The congressman defeated Democrat Nate McMurray, a Grand Island town supervisor, by a razor-thin 49.1 – 48.8 percent spread, a margin of just 1,087 votes. Clearly the indictment played a major role in the outcome being so close, as Collins’ re-election percentages were an identical 67.2 percent in 2014 and 2016 after unseating then-Rep. Kathy Hochul (D) in the 2012 general election.

Anticipating an open seat or a weakened Collins seeking re-nomination, several Republicans had already announced their intentions to run. Two state senators, Chris Jacobs (R-Buffalo) and Rob Ortt (R-Lockport), are already in the race as is attorney and former town judge Beth Parlato. The 2018 Democratic nominee, McMurray, is also a declared candidate.

It is likely that other Republicans will jump into either the special election, if it is called, or the regular election now that it is an open seat race. It is also likely that Democratic leaders will make sure that McMurray has a clean shot for re-nomination in order to make him as strong as possible against a different GOP nominee.

The New York state primary is scheduled for June 23. The eventual GOP nominee should begin as a favorite to hold the seat.


As has been speculated upon for a number of weeks, veteran Texas Rep. Mac Thornberry (R-Clarendon/Amarillo) announced that he will not seek a 14th term next year saying simply that “for everything there is a season, and I believe that the time has come for a change. Therefore, this is my last term in the U.S. House of Representatives.”

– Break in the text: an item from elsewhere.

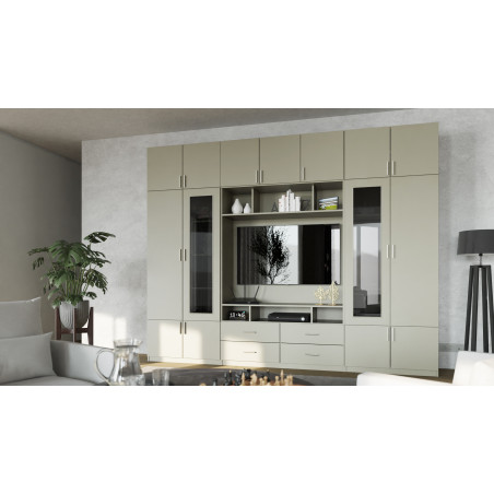 Това е мебелна стена, която може да побере наистина много – зад елегантните, затворени фасади ще скриете всички неща, които не трябва да са видими. Стъклените витрини ще ви позволят ефективно да изложите любимите си декорации, а ТВ пространството е обмислено така, че удобно да побере телевизор и мултимедийно оборудване.

Thornberry represents the strongest Trump district in the United States. The president scored an 80-17 percent victory over Hillary Clinton here in 2016. Mitt Romney posted a similar 80-19 percent spread in 2012 against Barack Obama. Thus, there is little doubt that Rep. Thornberry’s replacement will come from the Republican primary.

Over the course of his long 26-year congressional career, Thornberry averaged 78.1 percent of the vote in his 13 elections, and 80 percent in his dozen re-election campaigns. Already, Amarillo City Councilwoman Elaine Hays (R) and Josh Winegarner, the government relations director for the Texas Cattle Feeders Association, are confirming that they are considering entering the open race.

Thornberry becomes the sixth Texas Republican House member to announce that he won’t seek re-election in 2020. Nationally, there are now 23 open House districts, 18 of which come from the Republican side.

The 13th CD occupies the Texas Panhandle, stretching from the Oklahoma Panhandle border along the Red River all the way through Wichita Falls and close to the outer Dallas-Ft. Worth suburbs. The district includes 39 counties and parts of two others. Amarillo is the district’s largest city, which touches two counties, Potter and Randall. Together, the region houses about 240,000 people. Wichita Falls, in a county of 131,000 is the second largest population center.

Texas has scheduled its state primary concurrently with the Super Tuesday presidential primary on March 3. If no candidate secures a majority, a run-off election will occur for the respective party contenders on May 26. The candidate filing deadline is Dec. 9, so we will know in relatively short order exactly how the candidate field will take shape.